For the records below, copy exactly the span that begins at the line containing "Kolczyki idealnie pasują" and stops after the line containing "ラーメンが来るまでに花山椒とチラシが来たので読んで待っています", minus any pictures.

Dataset entries:
*** Begin section ***
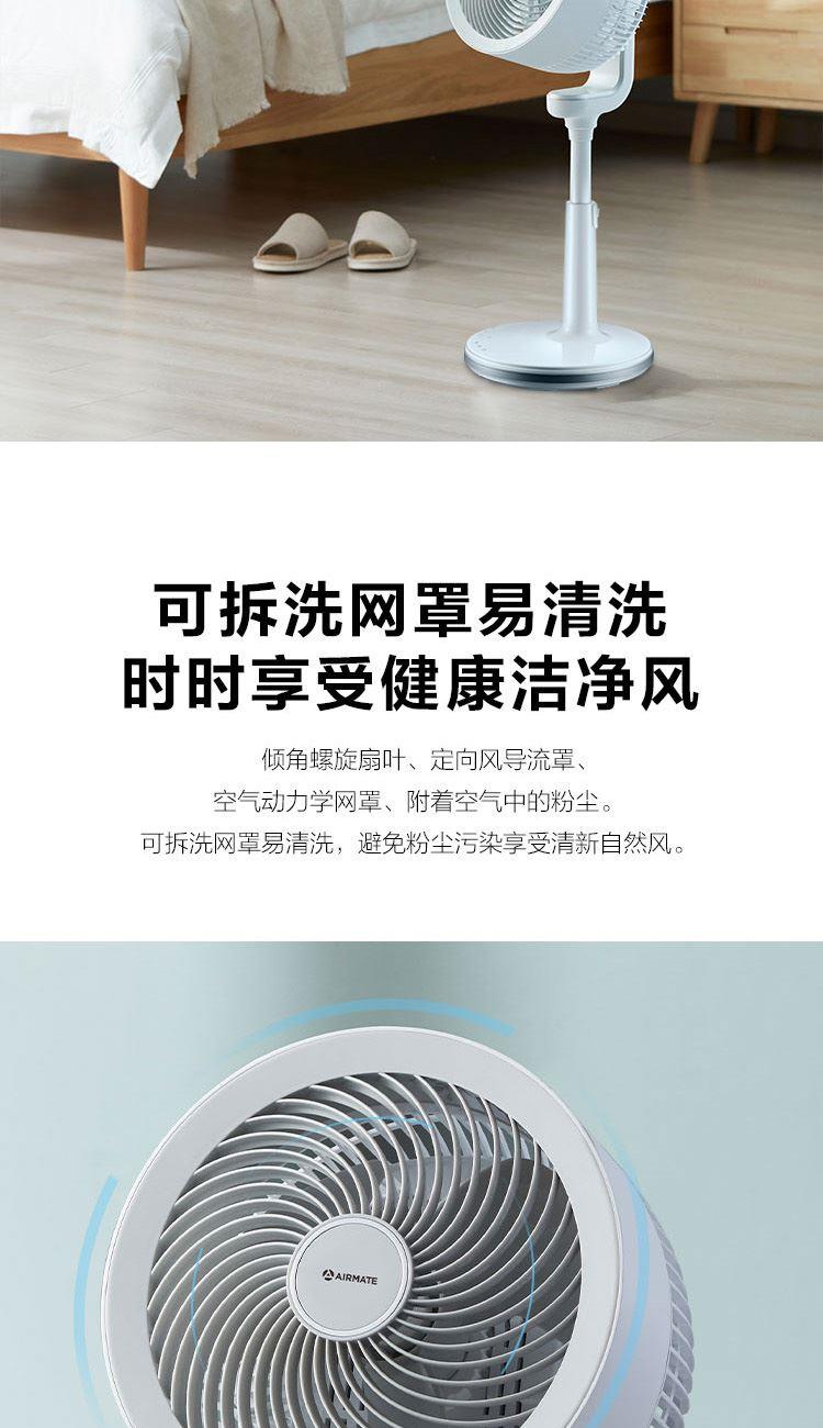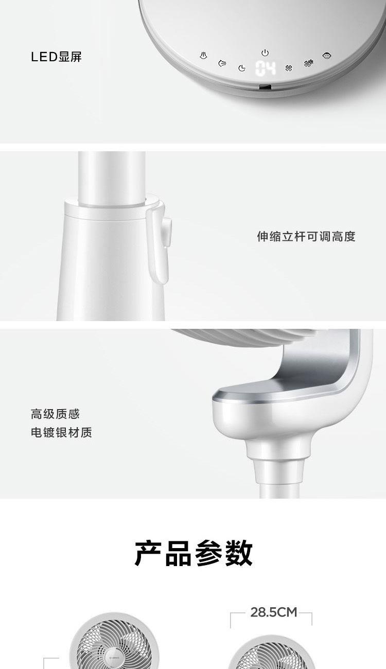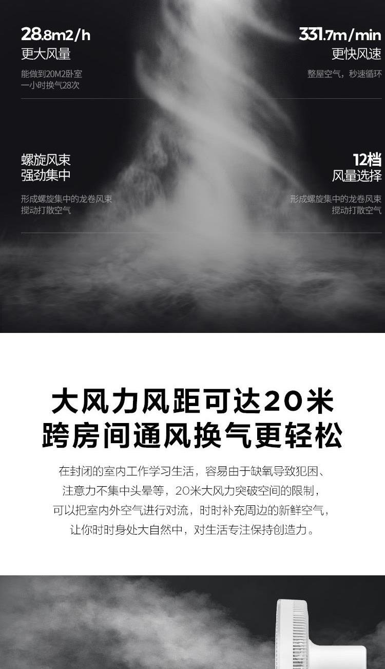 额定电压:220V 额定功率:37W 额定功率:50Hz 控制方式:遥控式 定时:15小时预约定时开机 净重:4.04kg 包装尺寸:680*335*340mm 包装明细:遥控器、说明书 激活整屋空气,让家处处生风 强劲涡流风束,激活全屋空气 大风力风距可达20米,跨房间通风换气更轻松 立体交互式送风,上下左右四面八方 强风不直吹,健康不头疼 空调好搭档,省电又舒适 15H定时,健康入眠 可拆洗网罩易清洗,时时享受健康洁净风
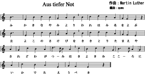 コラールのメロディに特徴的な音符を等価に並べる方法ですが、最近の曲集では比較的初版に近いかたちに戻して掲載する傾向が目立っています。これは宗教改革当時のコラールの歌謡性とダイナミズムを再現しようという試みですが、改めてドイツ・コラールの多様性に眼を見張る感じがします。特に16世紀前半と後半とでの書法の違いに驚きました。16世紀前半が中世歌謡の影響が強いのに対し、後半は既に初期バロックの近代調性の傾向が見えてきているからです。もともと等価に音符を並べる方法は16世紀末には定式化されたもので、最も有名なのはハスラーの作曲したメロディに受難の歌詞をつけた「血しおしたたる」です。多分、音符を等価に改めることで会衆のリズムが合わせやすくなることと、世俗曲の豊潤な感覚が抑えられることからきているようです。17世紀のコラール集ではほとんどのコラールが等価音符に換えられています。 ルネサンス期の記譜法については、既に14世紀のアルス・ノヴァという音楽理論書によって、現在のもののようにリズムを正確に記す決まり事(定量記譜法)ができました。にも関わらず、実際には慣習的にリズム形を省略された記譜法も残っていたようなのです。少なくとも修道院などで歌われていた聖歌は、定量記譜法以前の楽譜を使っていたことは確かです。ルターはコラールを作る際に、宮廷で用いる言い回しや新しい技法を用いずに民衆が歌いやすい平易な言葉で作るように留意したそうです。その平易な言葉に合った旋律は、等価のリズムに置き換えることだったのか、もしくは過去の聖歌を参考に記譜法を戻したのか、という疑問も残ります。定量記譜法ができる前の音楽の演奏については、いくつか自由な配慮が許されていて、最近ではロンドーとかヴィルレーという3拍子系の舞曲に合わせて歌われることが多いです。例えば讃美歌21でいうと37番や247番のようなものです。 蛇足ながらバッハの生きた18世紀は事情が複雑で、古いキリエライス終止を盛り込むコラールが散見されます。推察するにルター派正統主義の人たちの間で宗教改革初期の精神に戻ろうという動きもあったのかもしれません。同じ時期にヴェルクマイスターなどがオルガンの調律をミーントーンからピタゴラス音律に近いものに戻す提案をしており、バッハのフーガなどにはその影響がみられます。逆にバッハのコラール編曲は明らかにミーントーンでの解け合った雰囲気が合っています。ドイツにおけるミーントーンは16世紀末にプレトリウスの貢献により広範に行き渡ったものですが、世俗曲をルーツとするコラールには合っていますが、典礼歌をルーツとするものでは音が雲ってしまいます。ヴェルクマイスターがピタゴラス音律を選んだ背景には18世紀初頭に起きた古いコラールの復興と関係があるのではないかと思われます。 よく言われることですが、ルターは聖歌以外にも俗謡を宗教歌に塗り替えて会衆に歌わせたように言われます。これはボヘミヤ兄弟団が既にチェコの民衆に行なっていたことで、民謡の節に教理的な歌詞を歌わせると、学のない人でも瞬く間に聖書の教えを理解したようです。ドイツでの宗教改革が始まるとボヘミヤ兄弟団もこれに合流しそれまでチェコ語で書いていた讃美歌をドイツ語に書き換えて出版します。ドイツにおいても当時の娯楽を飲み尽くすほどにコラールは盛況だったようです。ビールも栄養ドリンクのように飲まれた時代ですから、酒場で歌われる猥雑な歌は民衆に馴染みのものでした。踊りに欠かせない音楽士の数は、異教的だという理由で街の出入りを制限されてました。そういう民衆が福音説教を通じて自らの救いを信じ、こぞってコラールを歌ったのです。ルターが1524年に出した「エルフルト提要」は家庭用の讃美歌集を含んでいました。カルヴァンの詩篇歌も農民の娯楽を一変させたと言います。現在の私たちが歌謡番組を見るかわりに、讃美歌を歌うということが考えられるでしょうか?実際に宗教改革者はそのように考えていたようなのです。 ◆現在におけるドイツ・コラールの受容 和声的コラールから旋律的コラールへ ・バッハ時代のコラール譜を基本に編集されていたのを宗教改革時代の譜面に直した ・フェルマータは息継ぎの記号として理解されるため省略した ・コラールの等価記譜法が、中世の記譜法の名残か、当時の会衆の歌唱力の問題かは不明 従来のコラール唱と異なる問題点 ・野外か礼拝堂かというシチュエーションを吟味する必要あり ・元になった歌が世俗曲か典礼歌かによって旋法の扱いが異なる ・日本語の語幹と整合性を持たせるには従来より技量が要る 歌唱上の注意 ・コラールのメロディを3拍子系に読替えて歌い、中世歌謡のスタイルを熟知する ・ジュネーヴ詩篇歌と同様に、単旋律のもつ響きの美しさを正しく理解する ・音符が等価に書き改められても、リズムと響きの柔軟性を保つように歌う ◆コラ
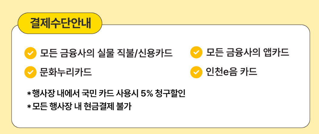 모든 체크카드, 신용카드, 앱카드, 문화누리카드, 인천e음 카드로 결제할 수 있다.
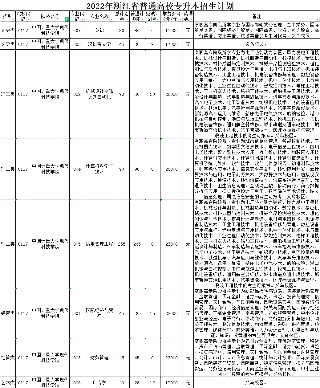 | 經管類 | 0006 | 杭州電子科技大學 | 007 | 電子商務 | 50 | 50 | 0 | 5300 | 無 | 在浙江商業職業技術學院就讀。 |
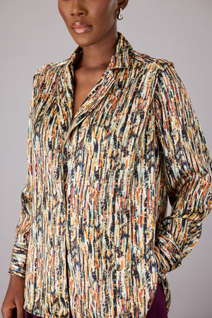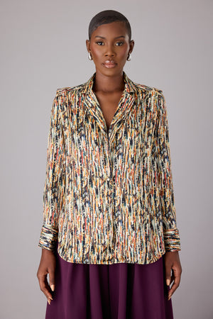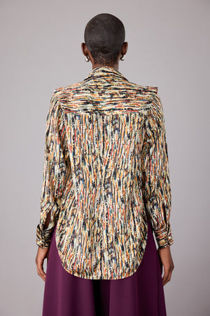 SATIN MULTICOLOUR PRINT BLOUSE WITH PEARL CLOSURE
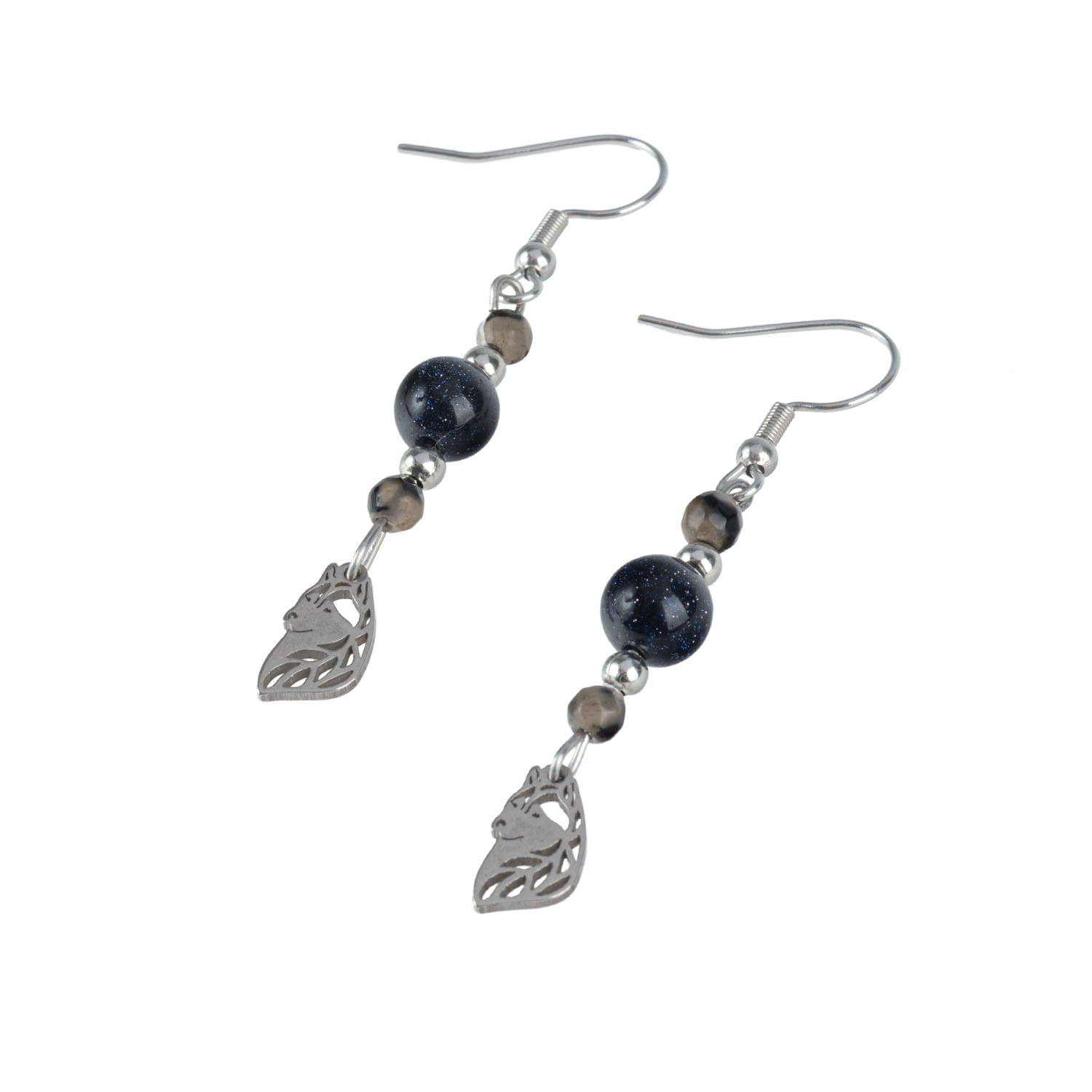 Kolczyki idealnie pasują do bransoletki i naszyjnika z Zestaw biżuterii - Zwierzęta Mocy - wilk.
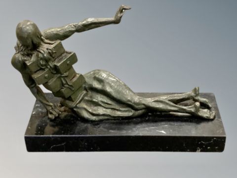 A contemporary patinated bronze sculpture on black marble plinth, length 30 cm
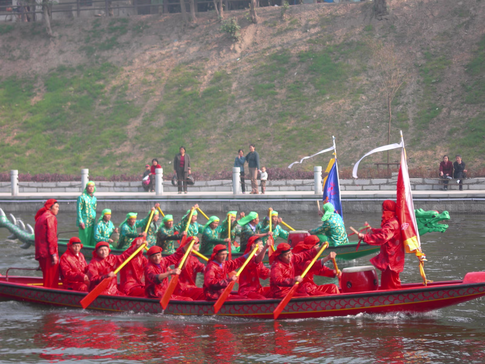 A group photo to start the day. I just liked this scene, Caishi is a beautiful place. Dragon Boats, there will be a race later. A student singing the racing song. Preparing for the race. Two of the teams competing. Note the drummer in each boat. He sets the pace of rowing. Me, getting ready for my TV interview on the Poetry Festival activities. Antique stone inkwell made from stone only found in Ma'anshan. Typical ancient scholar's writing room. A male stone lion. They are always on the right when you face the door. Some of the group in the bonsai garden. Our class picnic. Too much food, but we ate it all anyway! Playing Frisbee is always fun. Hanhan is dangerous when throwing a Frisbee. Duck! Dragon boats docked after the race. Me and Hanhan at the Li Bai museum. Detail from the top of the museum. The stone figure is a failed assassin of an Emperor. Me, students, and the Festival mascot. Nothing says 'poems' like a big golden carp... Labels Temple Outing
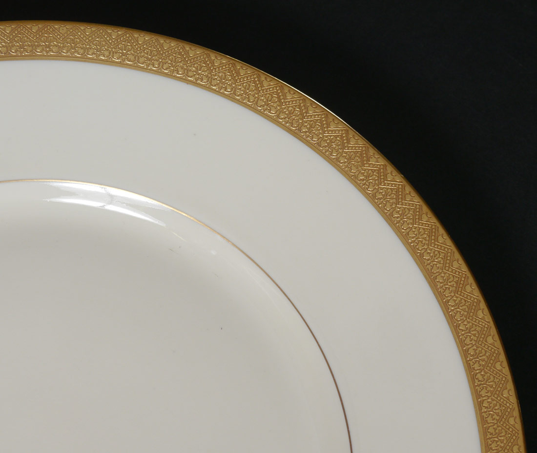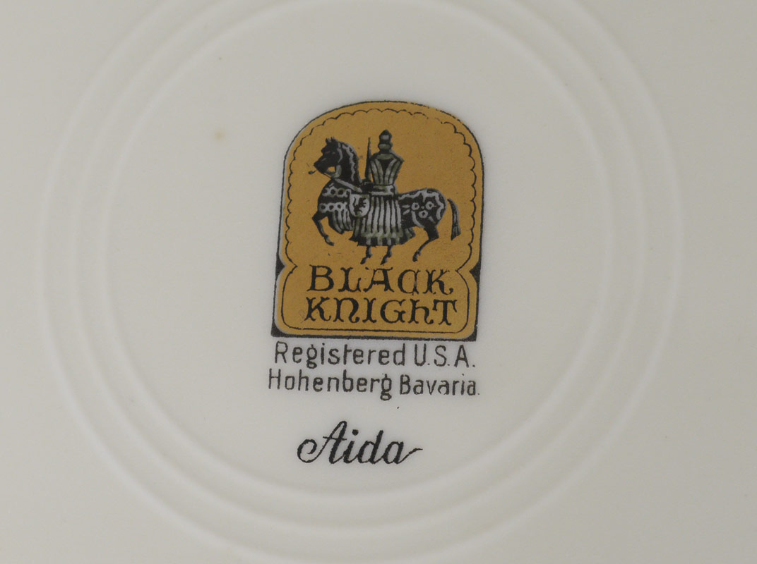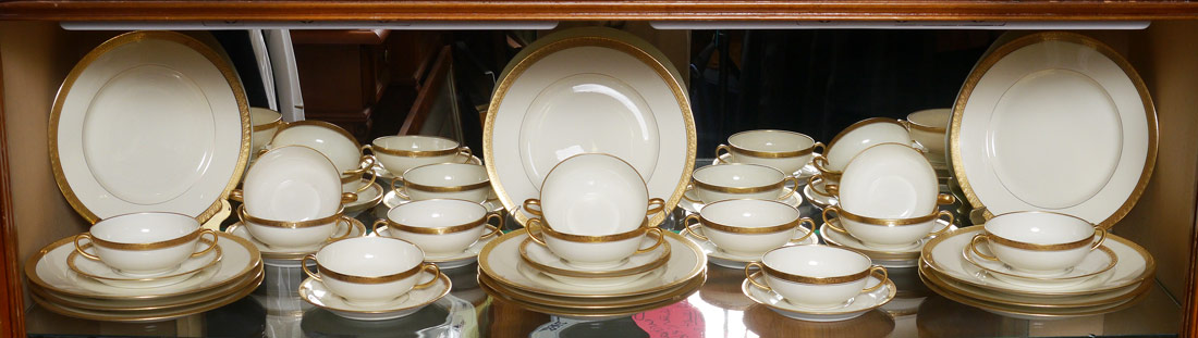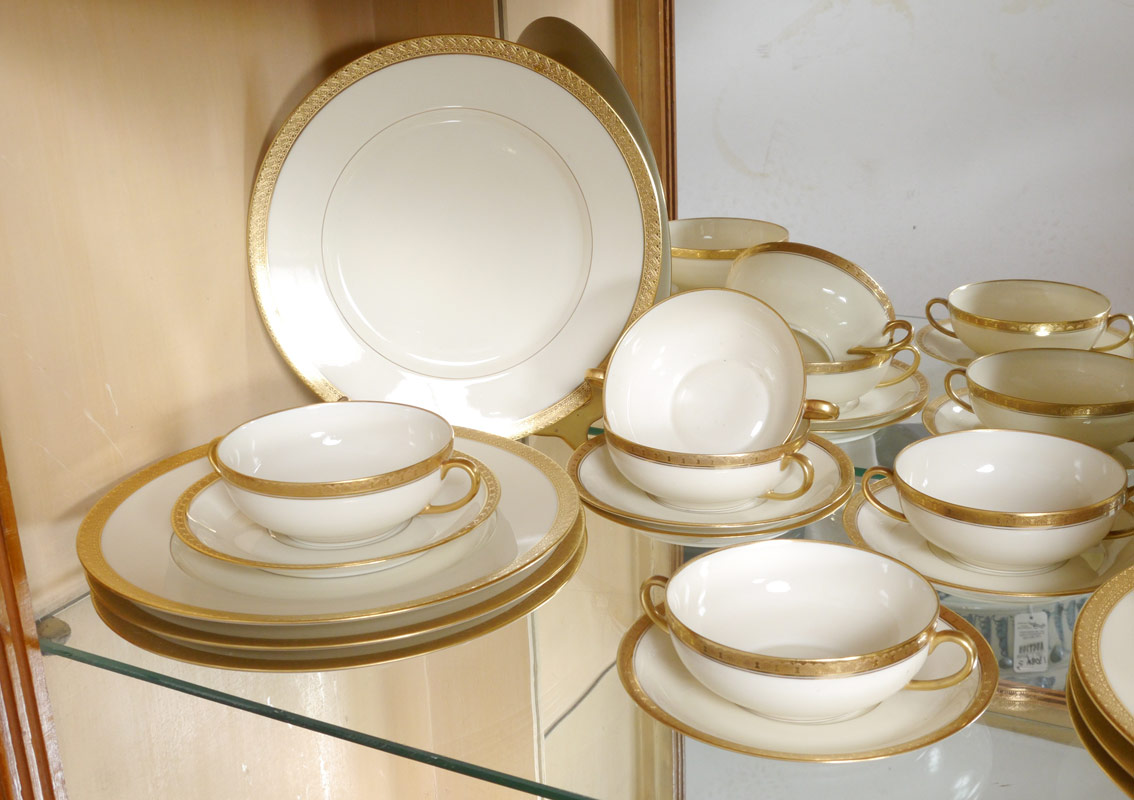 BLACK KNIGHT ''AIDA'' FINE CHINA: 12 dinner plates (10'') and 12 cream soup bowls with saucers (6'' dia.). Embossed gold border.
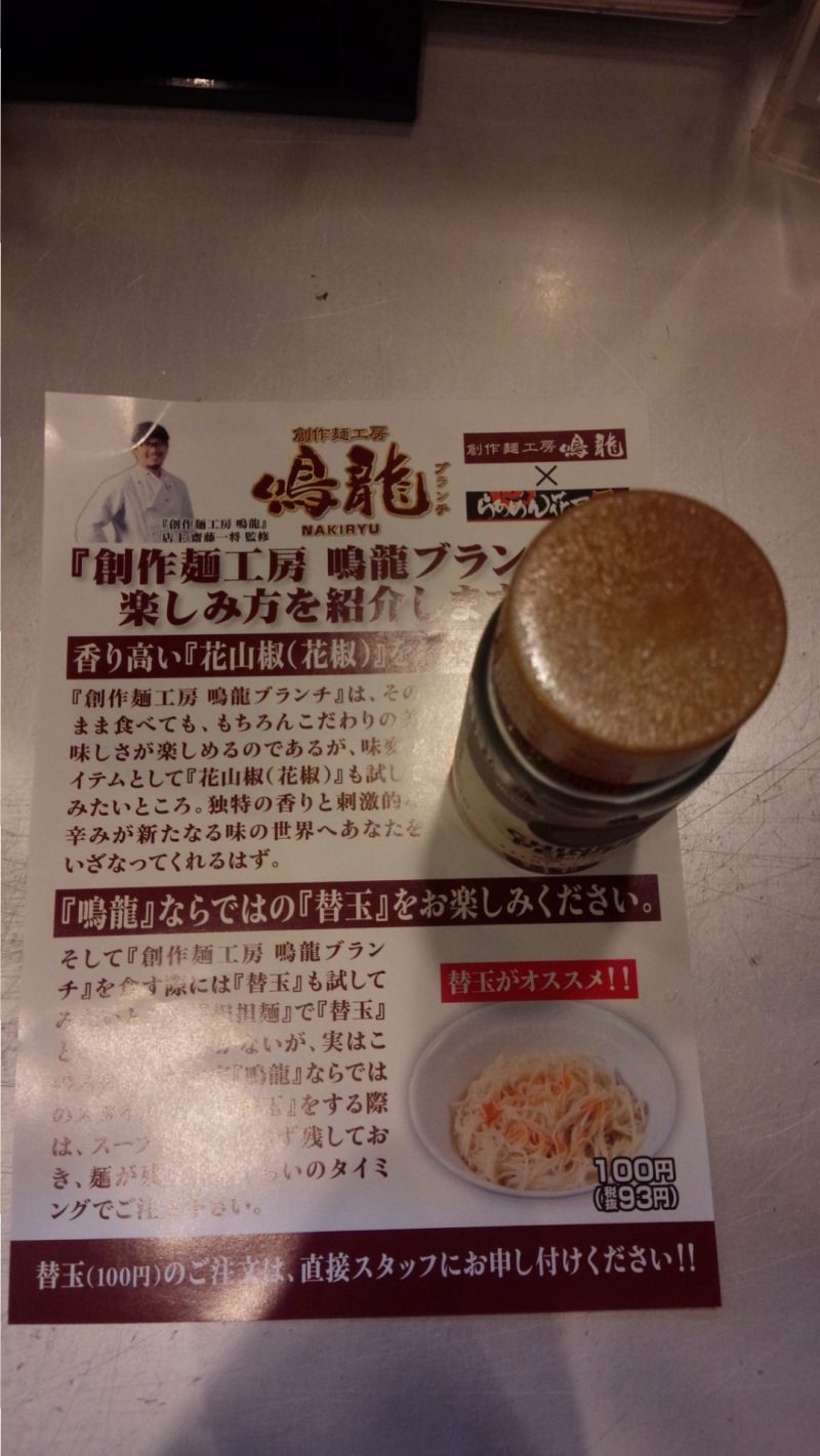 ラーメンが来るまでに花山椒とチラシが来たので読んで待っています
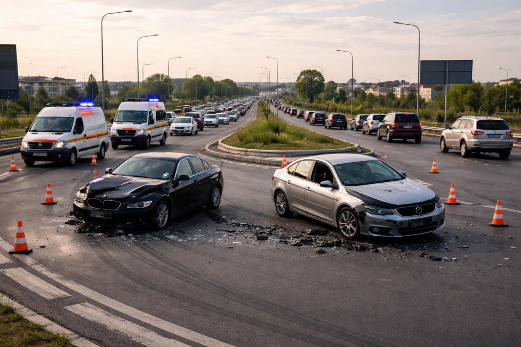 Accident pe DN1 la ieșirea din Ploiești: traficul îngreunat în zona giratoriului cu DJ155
*** End section ***
Exercise response:
 Kolczyki idealnie pasują do bransoletki i naszyjnika z Zestaw biżuterii - Zwierzęta Mocy - wilk.
 A contemporary patinated bronze sculpture on black marble plinth, length 30 cm
 A group photo to start the day. I just liked this scene, Caishi is a beautiful place. Dragon Boats, there will be a race later. A student singing the racing song. Preparing for the race. Two of the teams competing. Note the drummer in each boat. He sets the pace of rowing. Me, getting ready for my TV interview on the Poetry Festival activities. Antique stone inkwell made from stone only found in Ma'anshan. Typical ancient scholar's writing room. A male stone lion. They are always on the right when you face the door. Some of the group in the bonsai garden. Our class picnic. Too much food, but we ate it all anyway! Playing Frisbee is always fun. Hanhan is dangerous when throwing a Frisbee. Duck! Dragon boats docked after the race. Me and Hanhan at the Li Bai museum. Detail from the top of the museum. The stone figure is a failed assassin of an Emperor. Me, students, and the Festival mascot. Nothing says 'poems' like a big golden carp... Labels Temple Outing
 BLACK KNIGHT ''AIDA'' FINE CHINA: 12 dinner plates (10'') and 12 cream soup bowls with saucers (6'' dia.). Embossed gold border.
 ラーメンが来るまでに花山椒とチラシが来たので読んで待っています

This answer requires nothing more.